These 18 Facts Prove Dr. Seuss was a Huge Influence in World War II

These 18 Facts Prove Dr. Seuss was a Huge Influence in World War II

Larry Holzwarth - January 30, 2019

These 18 Facts Prove Dr. Seuss was a Huge Influence in World War II
November 1941 edition of PM, published just days before the Japanese attacked Pearl Harbor. Alamy

2. Dr. Seuss worked for the liberal newspaper PM for two years

PM was a New York daily newspaper which began publication in 1940 with a liberal slant to its news coverage and editorial content. It supported FDR, Lend-Lease, the New Deal, and other programs seen by the conservatives of the day as being so far left that they were socialist.

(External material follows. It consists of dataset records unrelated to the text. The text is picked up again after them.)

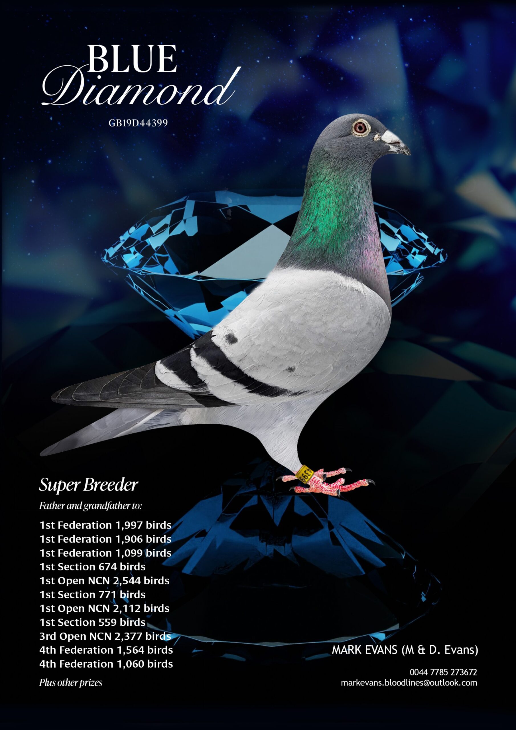 “Blue Diamond” cock GB19D44399 – Bred by Mark Evans.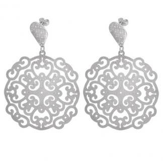 STAINLESS STEEL EARRING IN ROUND WITH HEART SHAPE ALL IN S/S COLOR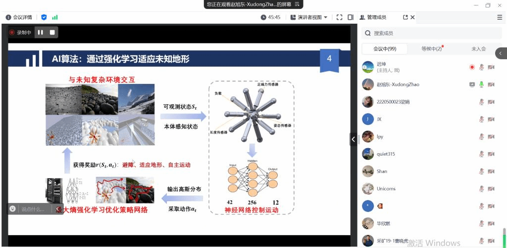 报告会上,赵旭东教授以复杂地形环境下隐蔽侦察任务的需求为切入点,介绍了仿生类无人系统的天然优势,及可快速部署并进入到有人作战无法或不便涉足的危险、恶劣环境和空间中等特点。报告中赵旭东教授主要详细介绍了仿海胆机器人研发中的若干研究结果,包括设计灵感及硬件结构设计、基于动力学的运动控制和规划、基于强化学习的运动控制、仿真及样机实验。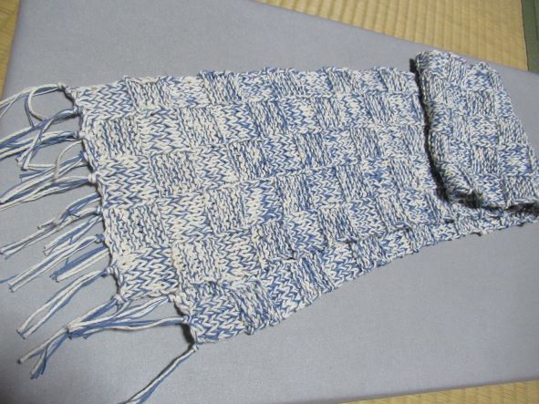 コットン糸2本どりでマフラー。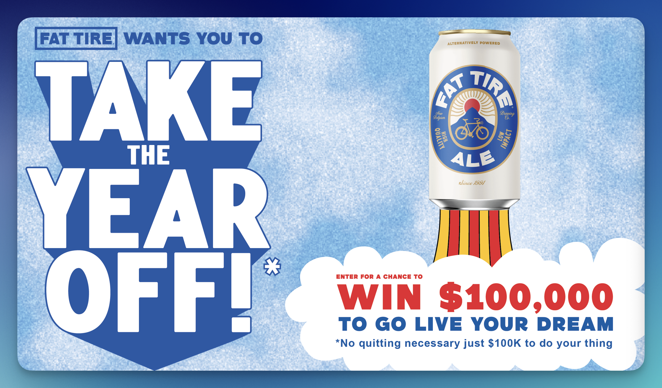 Bring your boldest dream to life with the Fat Tire Take The Year Off Contest — one winner will receive $100,000 to make it happen, plus ten others will enjoy a year of Fat Tire beer!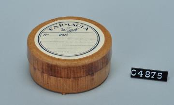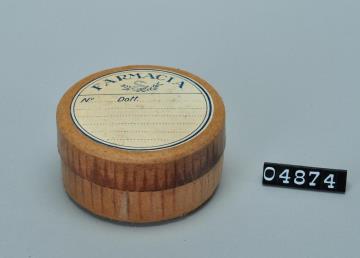 Fettdichter, brauner Salbentopf aus Pappe, Stülpdeckel mit Etikett. Innen gewachst. Blau bedrucktes rundes Etikett der Farmacia Cittadina Peer.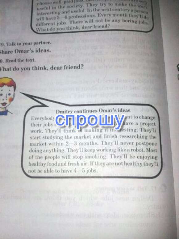 Дмитрий eontinues идеи Каждый Омар будет приятно работать Они хотят изменить свою работу очень неделю. Каждый будет иметь проект. Работа. Они будут думать, что делает его интересным. Они начинают изучение рынка и закончить исследование рынка в течение 2-х 3-х месяцев. Они никогда не будут делать что-либо отложить. Они будут продолжать работать, как робот. Большинство людей будет бросить курить. Они будут наслаждаться здоровой пищей и свежим воздухом. LL Lhey являются UOT здоровыми они не будут в состоянии иметь 5 рабочих мест.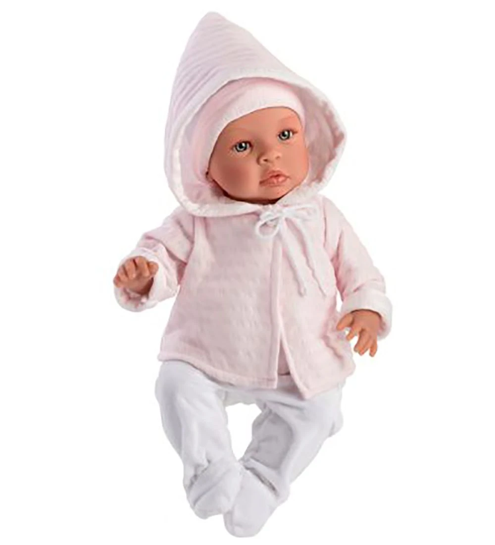 Asi babydukken har en fin jakke i rosa med hulmønster. Jakken har en fast hætte, og den åbnes med bindebånd i halsåbningen. Dukken har et par bukser i hvidt velour. Bukserne har en smal elastikkant i taljen samt faste fødder. På hovedet har hun en sød hue, som er i hvidt velour med en rosa kant med hulmønster.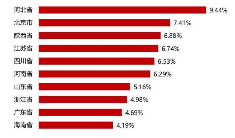 图2:太原市2026年元旦假期省外游客分布情况(前10位)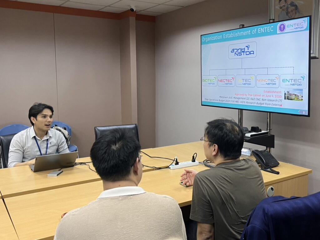 On March 27, 2026, the National Energy Technology Center (ENTEC), NSTDA, welcomed representatives from the private sector, including K.T.S Larger Goods Co., Ltd., a producer and distributor of biomass fuel (wood pellets), and Solid ASEAN Ltd., a developer of cooling technologies for solar panels, for a visit to ENTEC’s research facilities and laboratories

In order to avoid pressure from businessmen who were most often conservative in nature it refused to accept advertising, a business model which doomed the paper from the start. It ceased to exist after only eight years of publication, but for two of those years Dr. Seuss published editorial cartoons in the newspaper, which were critical of Hitler, Mussolini, conservative members of the American congress, Republican Party leaders, and others critical of America’s growing support of the British and Soviets in Europe. Some of his work in this period was among the most scathing of his career.

Many of the cartoons he drew during this period would be considered racist in a later day, though they were socially acceptable for the time. He resorted to the stereotypes of the time in his drawings of Japanese, presenting them with slitted eyes, round goggles for glasses, and buck teeth. In November of 1941, less than three weeks before the attack on Pearl Harbor, he produced a cartoon condemning American labor unrest, showing Hitler happily sharing the news of labor strife with the German people. On December 9, 1941 his cartoon presented Uncle Sam (in the form of one of his fantastically drawn birds) being jolted out of its rocking chair by a swarm of Japanese attacking him with clubs and slingshots. The caption read “The End of the Nap”.